To get a fully native application for this environment, you would have to have it compile against all the outdated libraries that this desktop environment depends on. (Qt3 and kdelibs version 3.5.)
Because normally few people are going to develop their applications against these old libraries, right now there are development efforts from the Trinity side to get GTK and Qt4 applications to at least look as native. Using one of those two toolkits would be the safest.
I guess you already want to develop both a version targeted towards KDE 4 and a version for Gnome, so one of these versions should be relatively ok for Trinity as well. If you really do not want a to stand out at all, you will have to have a version that compiles against the Trinity libraries. Then it would be perfect for my environment.
Let's assume there will be only one version of Stoffi: A Trinity version. Let's also assume that I will be able to find out myself where to use drop shadows, the fonts to use, button gradients and so on. What other things should I consider? Do you have tips on some applications on Trinity from where I should draw inspiration? Should I go for a menubar or not? Should I keep the current layout (left=navigation, top=playback, bottom=information, right=content) or should it be something else? What should happen when you press minimize or close? Should it close to tray or not? How should preferences be structured? If there will be a menu how should it be organized?

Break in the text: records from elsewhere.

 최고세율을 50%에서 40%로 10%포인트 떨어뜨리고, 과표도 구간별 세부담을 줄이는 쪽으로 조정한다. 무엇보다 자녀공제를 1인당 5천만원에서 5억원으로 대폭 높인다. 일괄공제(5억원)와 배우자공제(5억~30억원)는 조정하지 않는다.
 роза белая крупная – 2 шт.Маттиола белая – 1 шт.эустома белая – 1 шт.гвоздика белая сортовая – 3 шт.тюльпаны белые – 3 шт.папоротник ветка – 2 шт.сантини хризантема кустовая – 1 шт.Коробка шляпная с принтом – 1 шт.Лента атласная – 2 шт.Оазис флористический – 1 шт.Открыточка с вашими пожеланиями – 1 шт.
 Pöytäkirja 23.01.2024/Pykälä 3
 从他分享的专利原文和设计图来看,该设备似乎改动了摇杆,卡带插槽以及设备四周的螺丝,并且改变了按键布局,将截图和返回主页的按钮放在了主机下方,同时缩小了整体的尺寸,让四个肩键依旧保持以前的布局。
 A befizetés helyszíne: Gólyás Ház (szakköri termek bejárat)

These are the smaller details that I think are absolutely necessary to consider when trying to make a version of Stoffi that feels like it's actually a part of Trinity and not a third party application.

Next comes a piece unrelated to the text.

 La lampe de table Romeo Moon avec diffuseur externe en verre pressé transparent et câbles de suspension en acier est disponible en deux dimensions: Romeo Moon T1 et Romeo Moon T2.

I guess you could look at the Trinity version of Amarok to find most inspiration for your application.
Your layout seems ok to me, but for me, any layout would feel equally native to me. It's the appearance of the widgets and the speed of the overall application that would make the difference.
I guess minimize should minimize to the taskbar and close should be configurable to either close or still keep it running in the system tray (that would be the default action). This is how other programs have it in Trinity.
For a native Trinity application, there will almost always be the possibility to have a menu-bar, but it can also be turned off. In addition there is a configurable toolbar (large/small icons, text/no-text, button layout, etc.). It depends on whether your application really works easier with a menu bar whether it's enabled or not by default (in most cases yes, only a few no).